## Task objective
Write out exactly, and only, the lines below from the line with "Tre män klädda" through the line with "Besides adding ceramics"; pictures do not belong in the copy.

## Recorded data
···

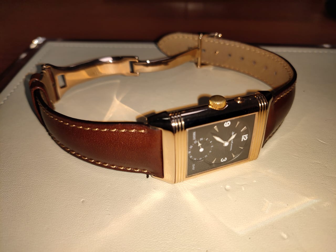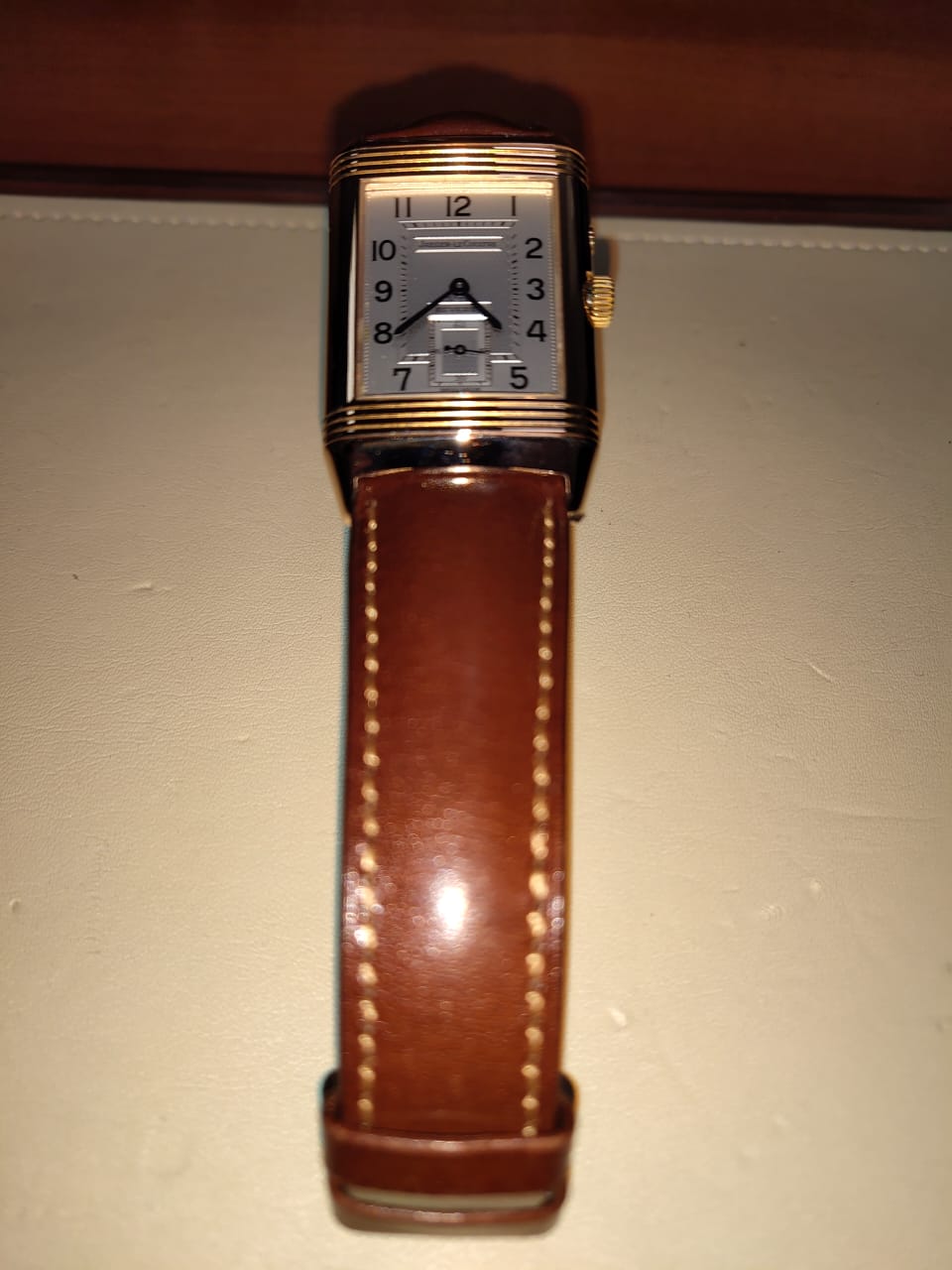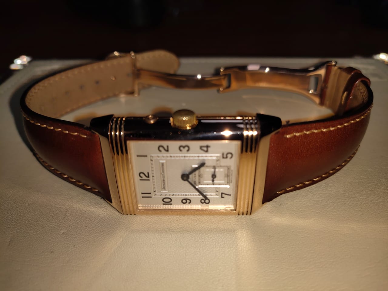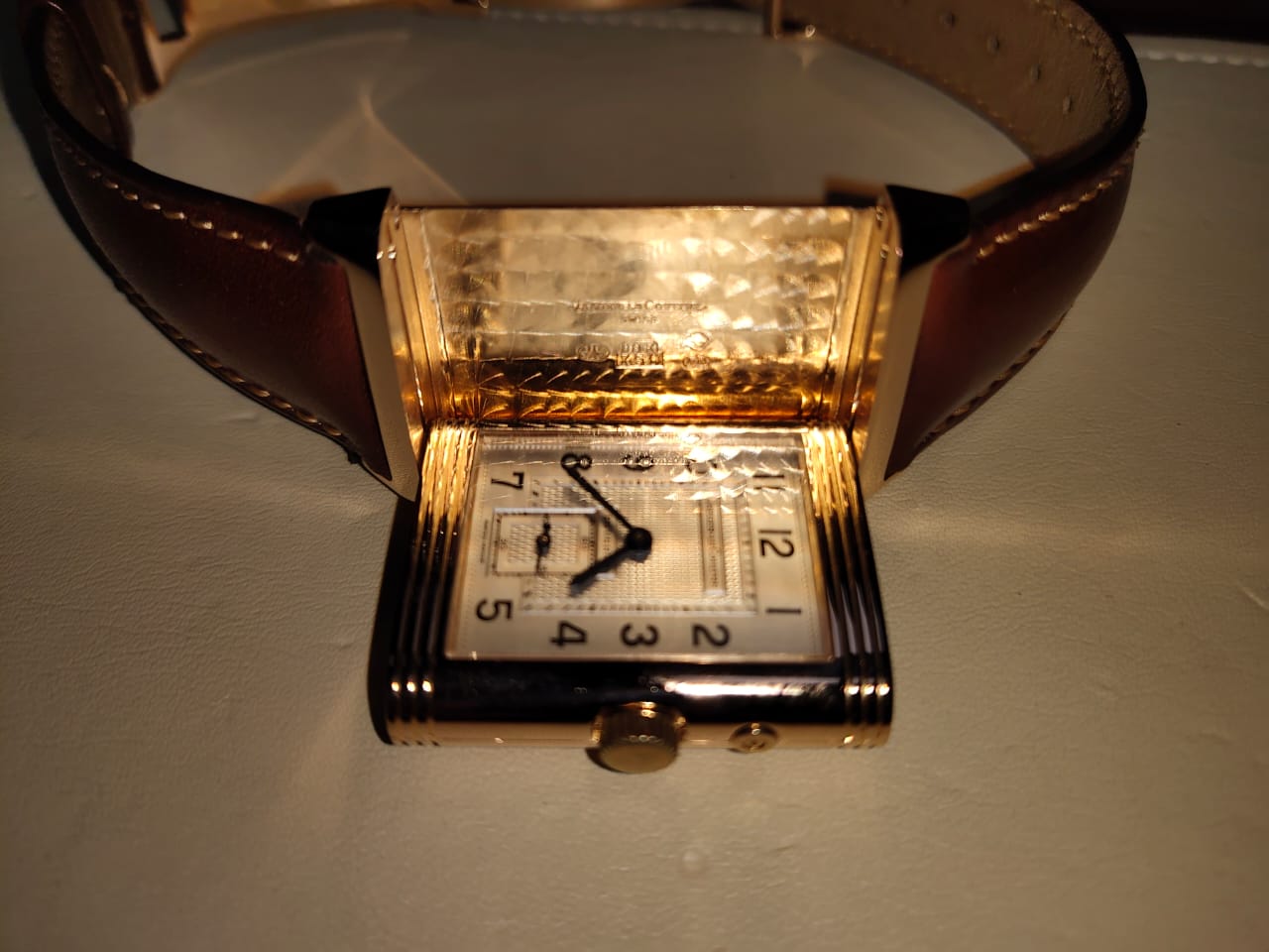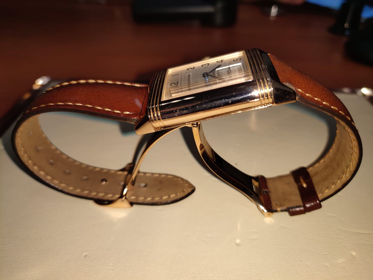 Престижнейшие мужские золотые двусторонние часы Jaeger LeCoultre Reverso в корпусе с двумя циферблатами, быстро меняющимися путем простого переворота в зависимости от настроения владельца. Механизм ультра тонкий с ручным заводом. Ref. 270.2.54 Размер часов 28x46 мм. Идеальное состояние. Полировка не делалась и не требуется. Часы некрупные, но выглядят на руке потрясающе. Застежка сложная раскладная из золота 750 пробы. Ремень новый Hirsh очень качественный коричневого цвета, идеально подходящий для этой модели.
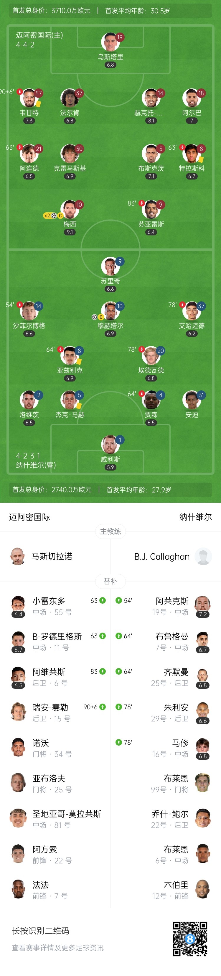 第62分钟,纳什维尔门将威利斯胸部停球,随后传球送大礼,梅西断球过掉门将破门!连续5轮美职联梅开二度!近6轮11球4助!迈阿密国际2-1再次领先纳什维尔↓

···

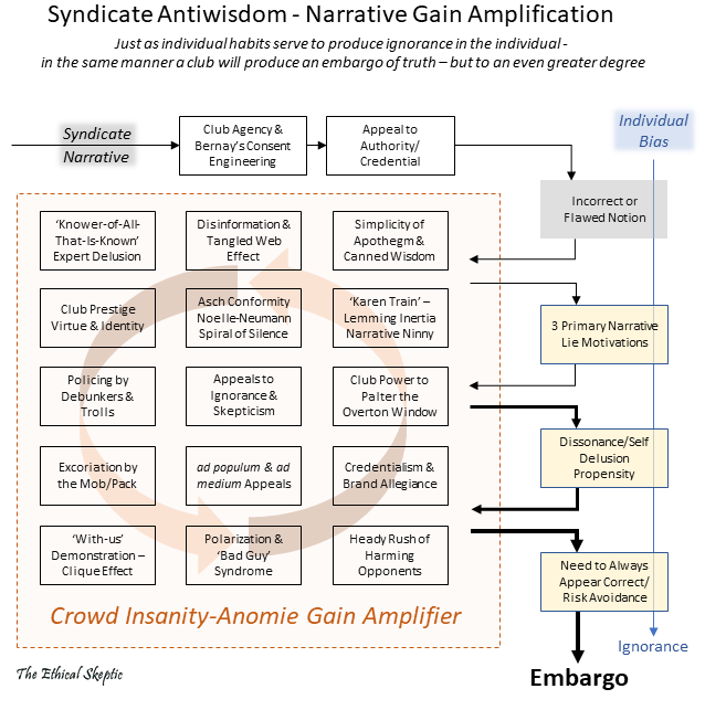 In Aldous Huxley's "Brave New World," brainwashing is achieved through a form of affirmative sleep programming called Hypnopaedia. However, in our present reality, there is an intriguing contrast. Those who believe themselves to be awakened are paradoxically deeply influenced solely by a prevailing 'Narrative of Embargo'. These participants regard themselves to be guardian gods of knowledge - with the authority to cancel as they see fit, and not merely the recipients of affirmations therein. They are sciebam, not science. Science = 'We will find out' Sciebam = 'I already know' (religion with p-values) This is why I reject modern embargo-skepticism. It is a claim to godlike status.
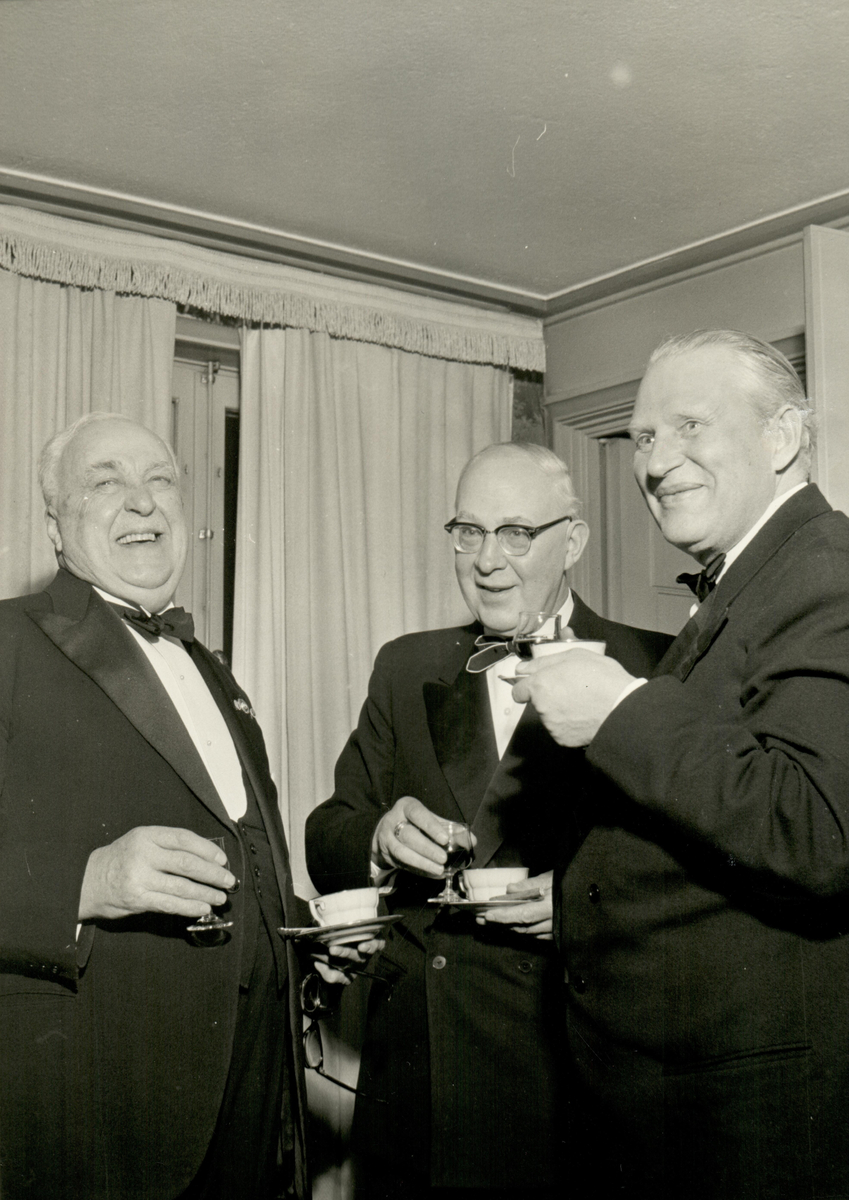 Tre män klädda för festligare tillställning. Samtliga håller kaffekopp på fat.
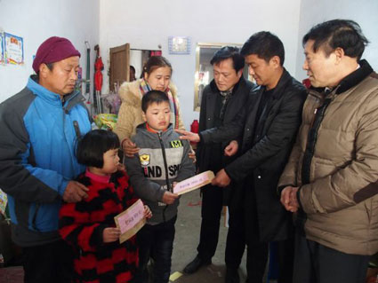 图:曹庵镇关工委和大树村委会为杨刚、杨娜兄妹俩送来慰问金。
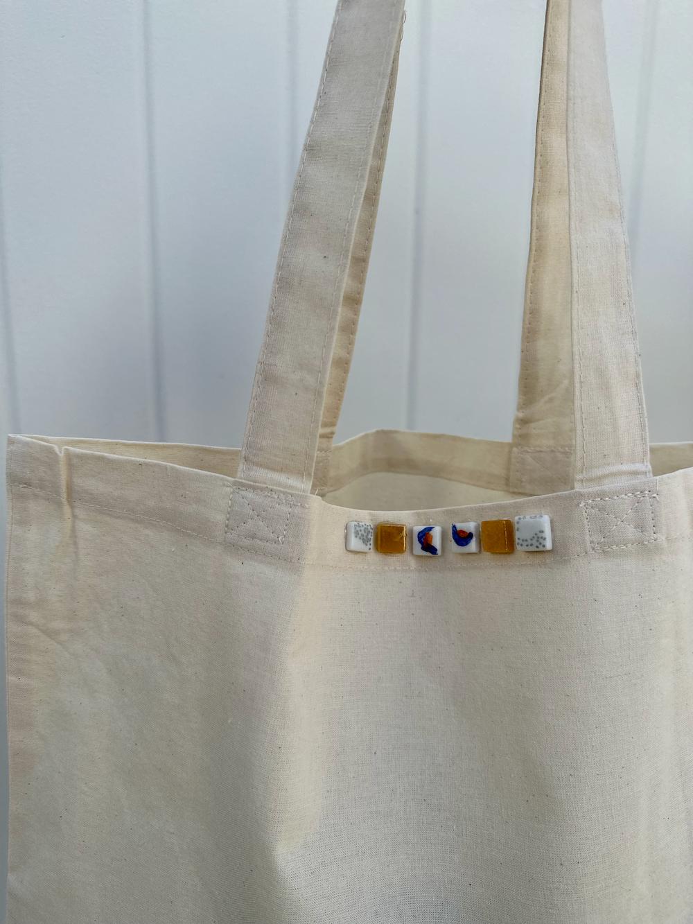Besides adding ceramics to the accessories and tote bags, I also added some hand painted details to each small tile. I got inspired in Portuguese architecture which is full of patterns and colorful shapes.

···

## Result of this task
 Tre män klädda för festligare tillställning. Samtliga håller kaffekopp på fat.
 图:曹庵镇关工委和大树村委会为杨刚、杨娜兄妹俩送来慰问金。
Besides adding ceramics to the accessories and tote bags, I also added some hand painted details to each small tile. I got inspired in Portuguese architecture which is full of patterns and colorful shapes.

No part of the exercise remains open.